Information given:
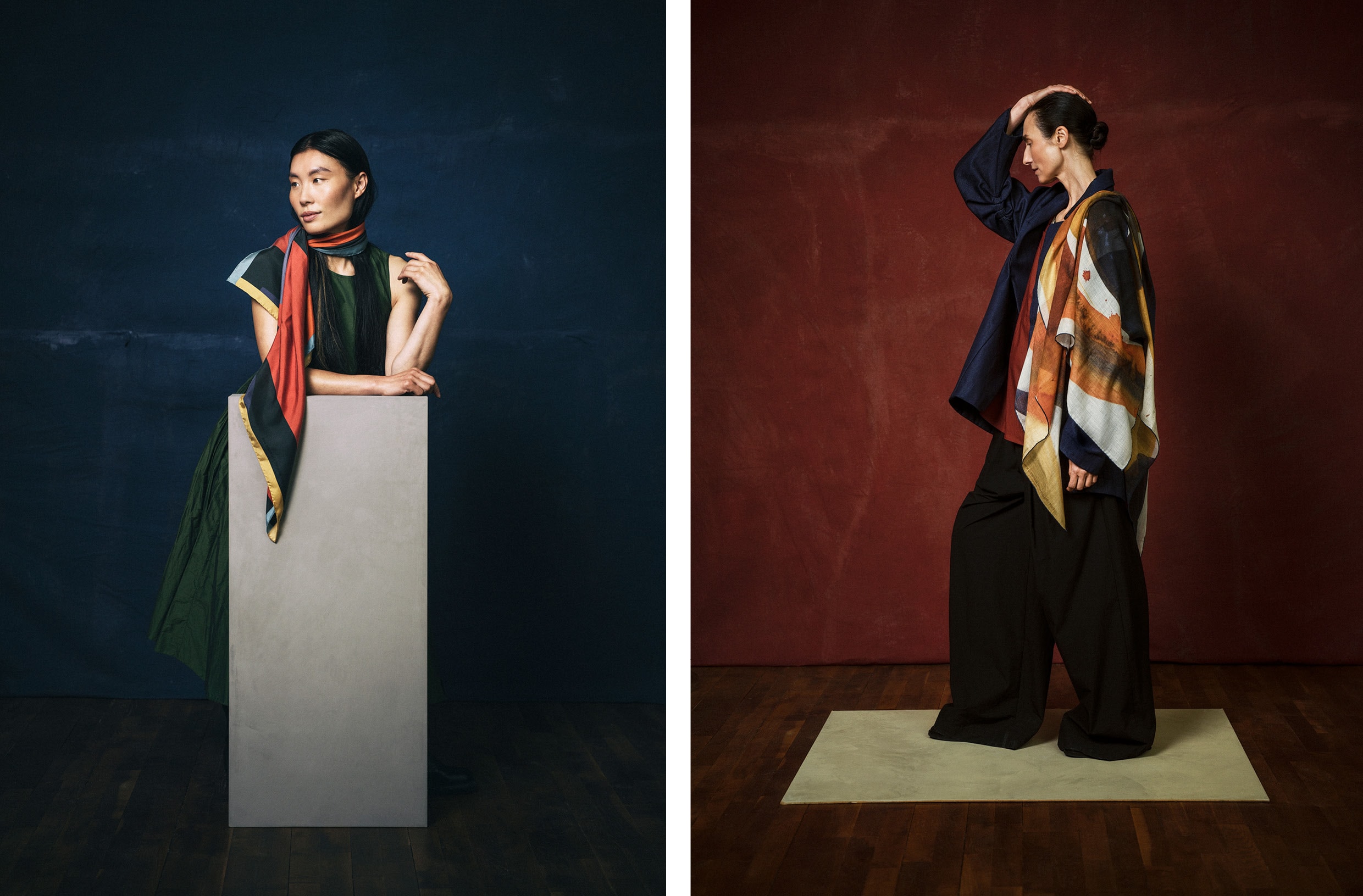 Andere hoogtepunten zijn Dot Wade’s verstilde Division in Davy’s Gray, opgebouwd uit tonale kasjmierlagen; Jörg Bräuers gespiegeld fotografisch landschap van Capri in Lithologie #63; en Naomi Frears’ speelse, geometrische Socket in primaire kleuren. Murray draagt ook Etched #1 bij, een subtiele monochrome bonsaischaduw, en Ember, een dramatische zijden sjaal in diepe bordeaux florale tinten. Schrijver Ross Klavan keert terug met Brief Encounters – Paris, een geestige stedelijke vertelling in schrift over rood zijde, terwijl Rouget haar schilderachtige Intonation-reeks uitbreidt met Intonation 03 in een wol-kasjmiermix.
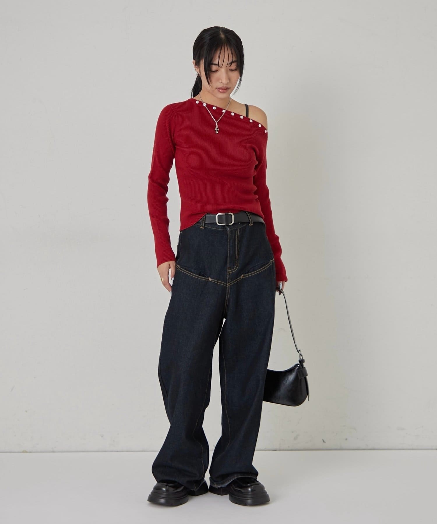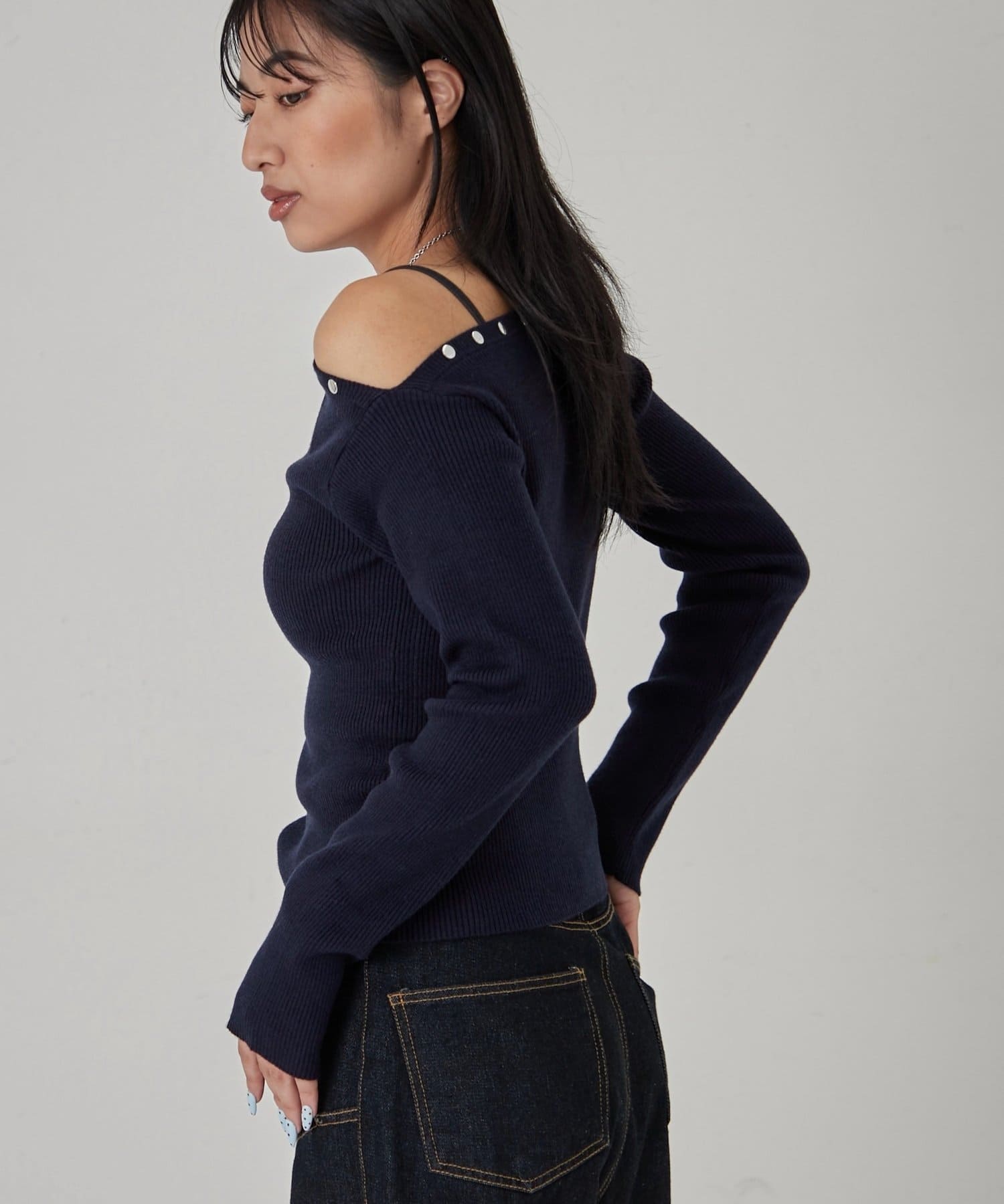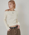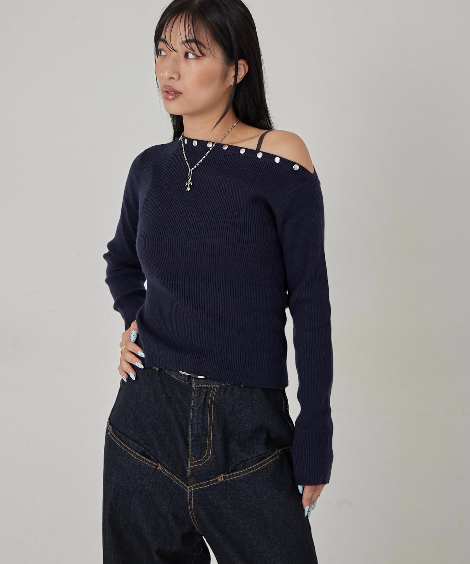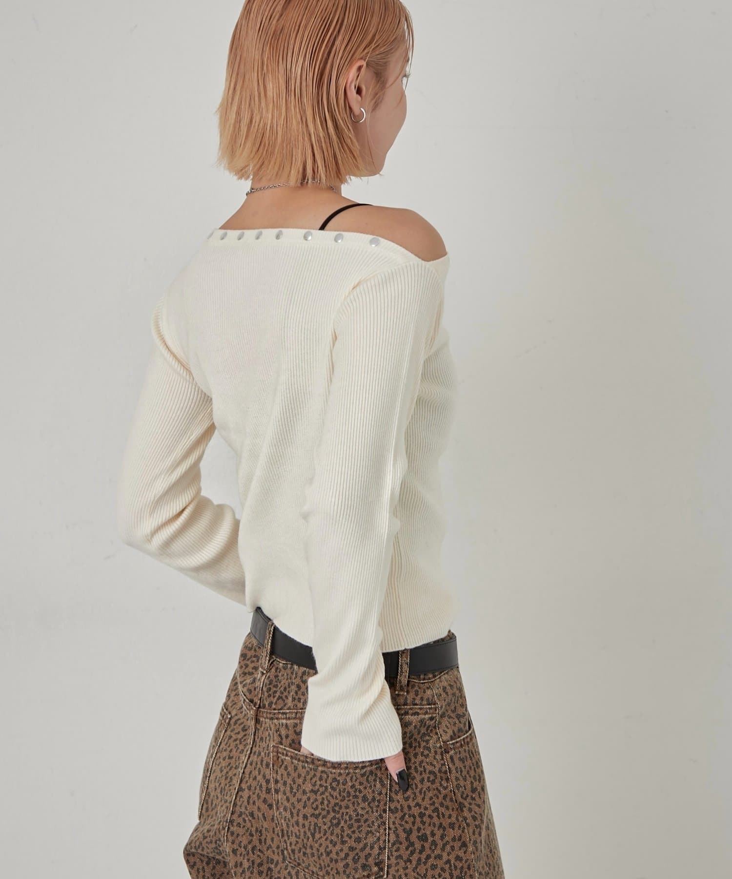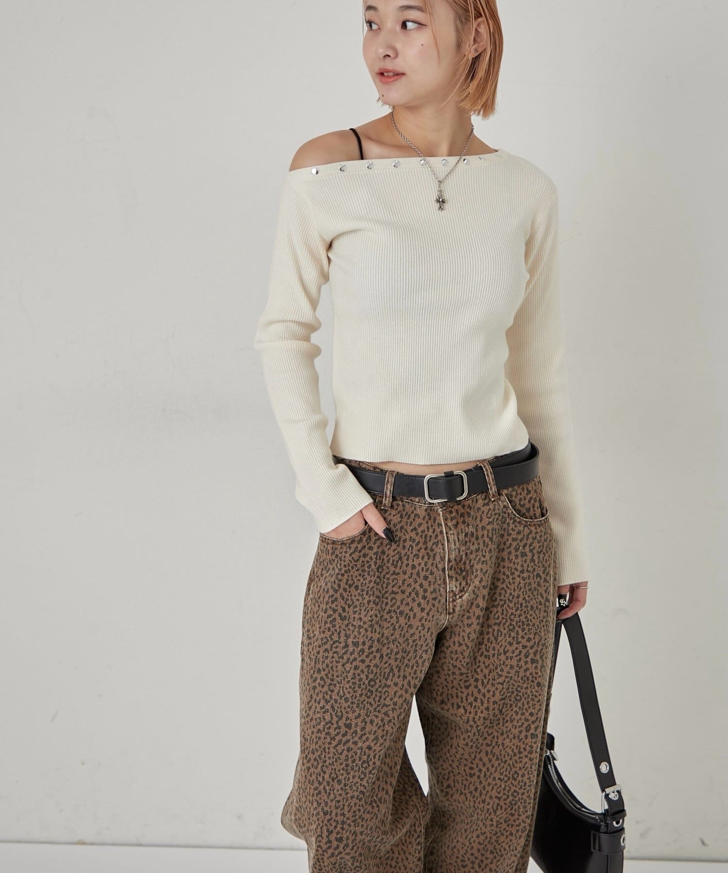 ・首元のスタッズのカッコよさと、ワンショルダーのニットで女性らしさも兼ね備えたトップス。
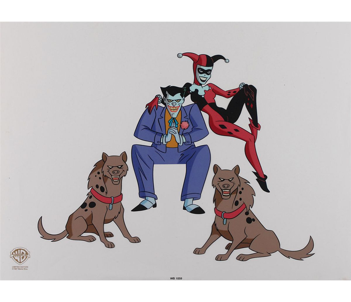 Limited edition Warner Bros. color model cel of the Joker and his friends on a 17 x 12.5 acetate sheet. Cel bears a gold Warner Bros. stamp to the lower left. In fine condition.
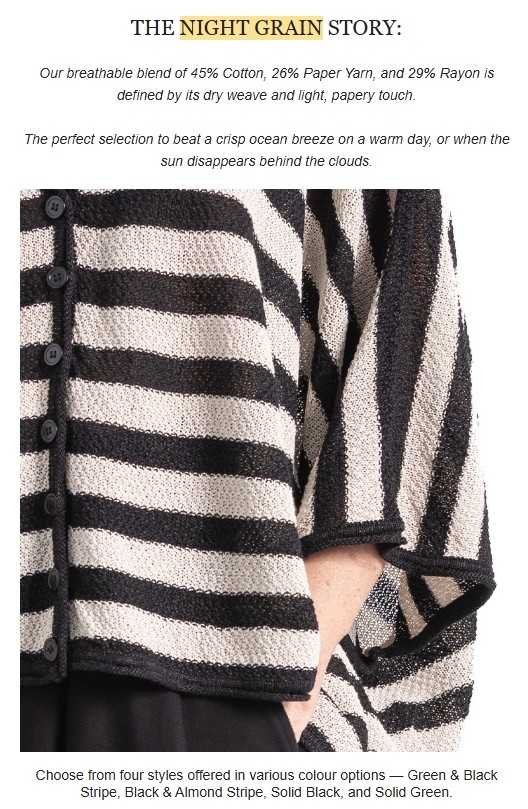 Fashion copywriting for email - to be skimmable, informative, with subtle branding to ensure confident online shopping.
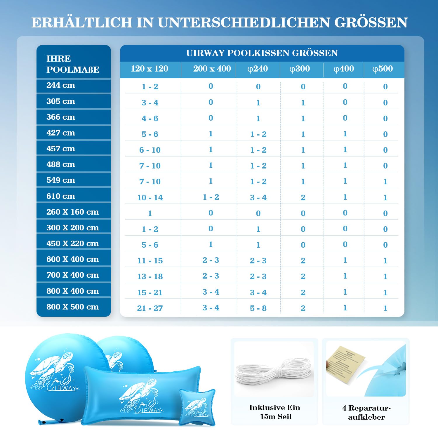 UIRWAY Poolkissen Winter XXL Rund 4m – Für Poolüberwinterung
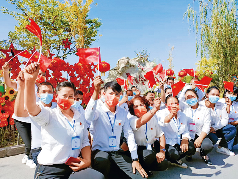 圖為2021年9月30日,新疆溫宿縣克孜勒鎮(zhèn)人大代表開(kāi)展“我和國(guó)旗合個(gè)影”主題活動(dòng),表達(dá)對(duì)祖國(guó)的美好祝福,喜迎新中國(guó)成立72周年。 新疆維吾爾自治區(qū)人大常委會(huì)供圖
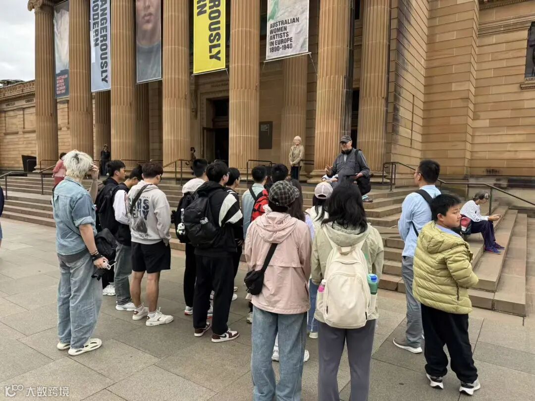 一大早,师生们奔赴新南威尔士州美术馆,见证其在城市文化版图中的核心地位,开启一场沉浸式的艺术熏陶之旅。抵达美术馆后,大家首先集合在庄重大气的大门前,认真聆听讲解员对美术馆的介绍。作为澳大利亚最具影响力的美术馆之一,这里汇集了从古典到现代、从本土到国际的海量艺术珍品,既有澳洲原住民的古老岩画,也有印象派大师的传世名作,更有当代艺术的先锋创作。
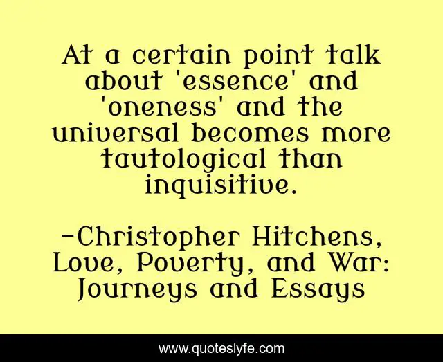 "Christopher Hitchens, Love, Poverty, and War: Journeys and Essays Quotes." Quoteslyfe.com, 2025. Fri. 05 Dec. 2025. <https://www.quoteslyfe.com/quote/At-a-certain-point-talk-about-essence-247596>.
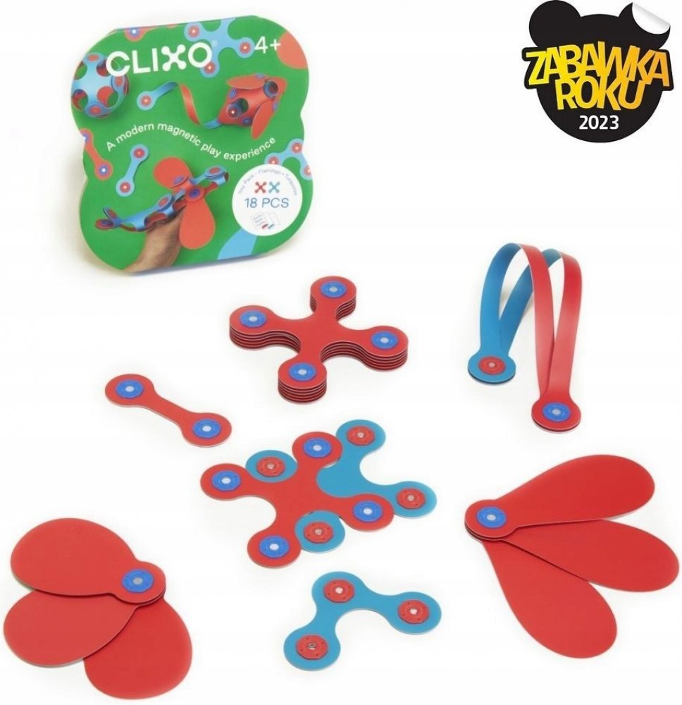 CLIXO Itsy Green & Blue - 18 kusů je flexibilní, velmi lehká, magnetická stavebnice ze syntetického papíru, v červené a tyrkysové kombinaci, která je inspirována origami a zároveň je to skvělá Montessori hračka. Tato stavebnice je založena na principu spojování různých tvarů a dílků přichycením červených a modrých magnetů k sobě. Sada Itsy obsahující různé tvary umožňuje stavět takové kombinace, j...
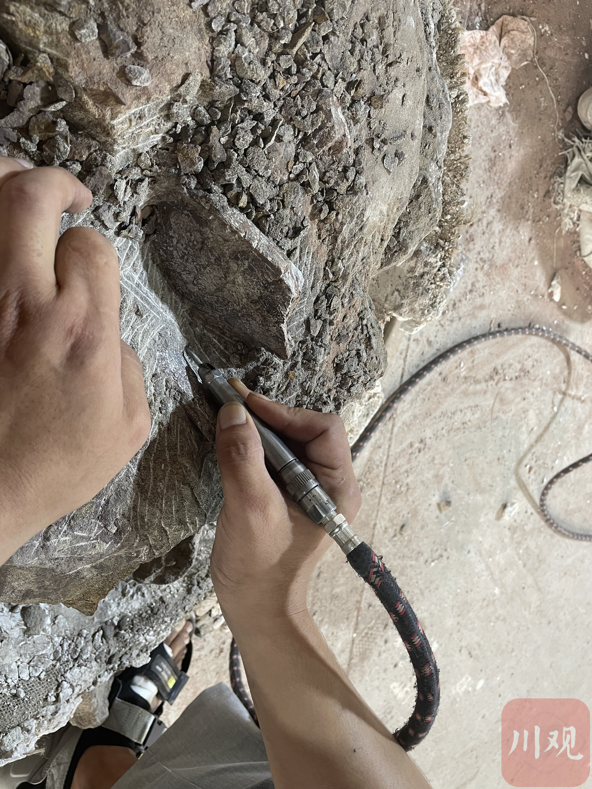 化石的野外发掘是一个由粗到细的过程。有的时候,化石在地层里就露出一点儿,下一步往哪个方向挖,如何不伤到化石,靠的全是研究人员的知识积累。“一开始可以用机器把化石外围的大块岩石切下来,等到骨骼化石露出来了,用电镐把整块石头切割下来,再给它穿一件混合了麻布片的石膏衣服,就可以送到实验室进行下一步修复了。”曾纯军介绍。

Work item:
Every line above should be returned word for word, with the pictures left behind.

Expected answer:
 Andere hoogtepunten zijn Dot Wade’s verstilde Division in Davy’s Gray, opgebouwd uit tonale kasjmierlagen; Jörg Bräuers gespiegeld fotografisch landschap van Capri in Lithologie #63; en Naomi Frears’ speelse, geometrische Socket in primaire kleuren. Murray draagt ook Etched #1 bij, een subtiele monochrome bonsaischaduw, en Ember, een dramatische zijden sjaal in diepe bordeaux florale tinten. Schrijver Ross Klavan keert terug met Brief Encounters – Paris, een geestige stedelijke vertelling in schrift over rood zijde, terwijl Rouget haar schilderachtige Intonation-reeks uitbreidt met Intonation 03 in een wol-kasjmiermix.
 ・首元のスタッズのカッコよさと、ワンショルダーのニットで女性らしさも兼ね備えたトップス。
 Limited edition Warner Bros. color model cel of the Joker and his friends on a 17 x 12.5 acetate sheet. Cel bears a gold Warner Bros. stamp to the lower left. In fine condition.
 Fashion copywriting for email - to be skimmable, informative, with subtle branding to ensure confident online shopping.
 UIRWAY Poolkissen Winter XXL Rund 4m – Für Poolüberwinterung
 圖為2021年9月30日,新疆溫宿縣克孜勒鎮(zhèn)人大代表開(kāi)展“我和國(guó)旗合個(gè)影”主題活動(dòng),表達(dá)對(duì)祖國(guó)的美好祝福,喜迎新中國(guó)成立72周年。 新疆維吾爾自治區(qū)人大常委會(huì)供圖
 一大早,师生们奔赴新南威尔士州美术馆,见证其在城市文化版图中的核心地位,开启一场沉浸式的艺术熏陶之旅。抵达美术馆后,大家首先集合在庄重大气的大门前,认真聆听讲解员对美术馆的介绍。作为澳大利亚最具影响力的美术馆之一,这里汇集了从古典到现代、从本土到国际的海量艺术珍品,既有澳洲原住民的古老岩画,也有印象派大师的传世名作,更有当代艺术的先锋创作。
 "Christopher Hitchens, Love, Poverty, and War: Journeys and Essays Quotes." Quoteslyfe.com, 2025. Fri. 05 Dec. 2025. <https://www.quoteslyfe.com/quote/At-a-certain-point-talk-about-essence-247596>.
 CLIXO Itsy Green & Blue - 18 kusů je flexibilní, velmi lehká, magnetická stavebnice ze syntetického papíru, v červené a tyrkysové kombinaci, která je inspirována origami a zároveň je to skvělá Montessori hračka. Tato stavebnice je založena na principu spojování různých tvarů a dílků přichycením červených a modrých magnetů k sobě. Sada Itsy obsahující různé tvary umožňuje stavět takové kombinace, j...
 化石的野外发掘是一个由粗到细的过程。有的时候,化石在地层里就露出一点儿,下一步往哪个方向挖,如何不伤到化石,靠的全是研究人员的知识积累。“一开始可以用机器把化石外围的大块岩石切下来,等到骨骼化石露出来了,用电镐把整块石头切割下来,再给它穿一件混合了麻布片的石膏衣服,就可以送到实验室进行下一步修复了。”曾纯军介绍。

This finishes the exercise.